Oracle Real Application Clusters

EMC AccessAnywhere clustering technology allows read/write access to distributed volumes across distance where the volumes have the exact same SCSI LUN identity. This technology allows hypervisors to migrate virtual machines across distance and application clusters such as Oracle Real Application Clusters (RAC) to provide high availability across distance.

For more information about VPLEX Metro working in conjunction with Oracle RAC on the Vblock platform, refer to Oracle Extended RAC With EMC VPLEX Metro Best Practices Planning.

Unsupported configurations

VCE does not support: VPLEX configurations with the following characteristics:

. Servers or storage allocated by UIM/P . Merging of a Vblock platform SAN fabric with any other SAN fabric . More than one Vblock platform connected to a single VPLEX instance

Recommended configurations

All of the following configuration examples assume the following:

. The term site refers to a location. Sites can be rooms or floors in a building, buildings in a campus environment, or data centers separated by distance. . Both sites have access to 100% of the applications and data protected by VPLEX Metro through distributed virtual volumes. . Site A is running 50% of the VPLEX Metro protected applications, but must have enough VMware resources to run 100% of the applications. . Site B is running 50% of the VPLEX Metro protected applications, but must have enough VMware resources to run 100% of the applications. . In the case of a site failure, there will be zero data loss, but there will be a +/-1 minute delay while the virtual guests start up on the other site.

Non Cross-Cluster Connect configurations

A Non Cross-Cluster Connect configuration:

. Delivers zero RPO in all single failures including that of an entire site . Delivers zero RTO in the event of a storage array failure . For a server domain failure or VPLEX failure, limits RTO to the application restart time . Requires a ping round-trip time of less than 5 milliseconds

Non Cross-Cluster Connect without VPLEX Witness

This example shows a Non Cross-Cluster Connect configuration without VPLEX Witness. In this configuration, recovery processes will need to be started manually.
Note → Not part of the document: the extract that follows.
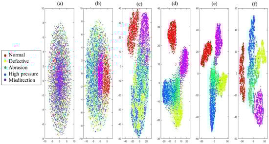 Visualization of the DBFD model’s activations using the t-distributed stochastic neighbor embedding (t-SNE) method. t-SNE was used to visualize clustering as training occurred in (a) convolution 1, (b) max pooling 1, (c) convolution 2, (d) max pooling 2, (e) fully connected layer 1, and (f) the softmax layer of the DBFD 2 model.
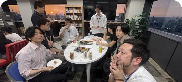 年数回、仕事終わりに社内のリフレッシュスペースにて軽食を囲みながらのライトな会を実施。リラックスした雰囲気で部署間を越えた交流しています。

Non Cross-Cluster Connect with VPLEX Witness

This example shows a Non Cross-Cluster Connect configuration where VPLEX Witness resides on an ESXI host at a third site (Site 3). In this configuration, if either Site 1 or Site 2 fails, VPLEX Witness will be able to automatically start recovery processes. The third site (Site 3) must be a location outside of the failure domain. For example, if the objective is to protect against a fire, VPLEX Witness needs to be outside the fire zone. If the objective is to protect against earthquake, VPLEX Witness must be outside the earthquake zone.

Cross-Cluster Connect configuration

Servers in a Cross-Cluster Connect configuration can access data from the VPLEX at either site. Cross-Cluster Connect is suitable for deploying within a campus, or in multiple isolated zones within a single data center. This configuration eliminates the need to do server failover when an entire storage cluster (VPLEX or the storage behind it) goes down.
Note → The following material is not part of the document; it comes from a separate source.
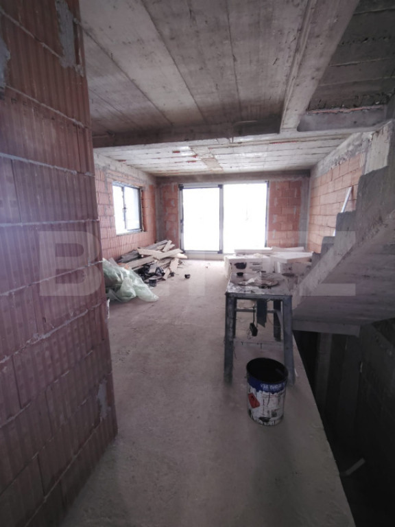 BLITZ oferă spre vânzare două unități într-un duplex, zona excelentă în cartierul Gheorgheni. Proiectul îmbină confortul designului arhitectural cu funcționalitatea modernă, fiind conceput pentru cei care își doresc confort superior într-o proprietate premium. Proprietatea dispune de o suprafață de 107 mp utili, cu suprafață liberă de curte și grădină de 150 mp, regimul de înălțime S+P+E+Etaj retras. Compartimentare atent gândită: Subsol (56 mp): scări sub care se află un spațiu mare ce poate fi folosit pentru depozitare, hol de acces, baie, spațiu pentru spălătorie/uscătorie, cameră tehnică 35 mp (spațiile sunt generoase si se poate regândi destinația lor); Parter: (73.75 mp): hol de acces, dressing, living spatios tip open-space cu bucătărie si dinning, baie, acces pe terasa generoasă, acces garaj; Etaj (65 mp): hol de acces, dormitor matrimonial cu dressing, baie proprie și logie, un dormitor secundar, 1 baie pe hol; Etaj retras (34 mp): 2 camere hobby, terasă panoramică. Detalii tehnice: zidarie din caramidă Porotherm de 25 cm, izolatie exterioară cu polistiren de 15 cm, geamuri tripan mari și luminoase, încălzire în pardoseală, centrală pe gaz, pereti finisati cu glet, instalatii sanitare si electrice pe pozitie, ușă metalică la intrare. Casa se predă la stadiul semifinisat, recepția se va face în 3-4 luni. Prețul listat este aferent unei unități locative și se adaugă TVA. Exterior: 1 garaj, 1 loc pentru parcare, grădină. Pentru mai multe detalii nu ezitati să ne contactați, vă așteptăm cu un interes aparte pentru a programa o vizionare și de a descoperi potențialul întregii proprietăți. Cod ofertă / ID BLITZ: P162523 Id intern: P162523

A Cross-Cluster Connect configuration:

. Delivers zero RPO in all single failures including that of an entire site . Delivers zero RTO in the event of a storage domain failure . For a server domain failure, limits RTO to the application restart time . Requires a ping round-trip time of less than 1 millisecond

Refer to the EMC VPLEX Metro Witness Technology and High Availability TechBook for detailed descriptions of these failure scenarios.

Data flow

The following diagram illustrates the logical flow of data between the two sites.

Failure scenarios

The following sections describe failure scenarios with their associated VPLEX behavior and recovery procedures.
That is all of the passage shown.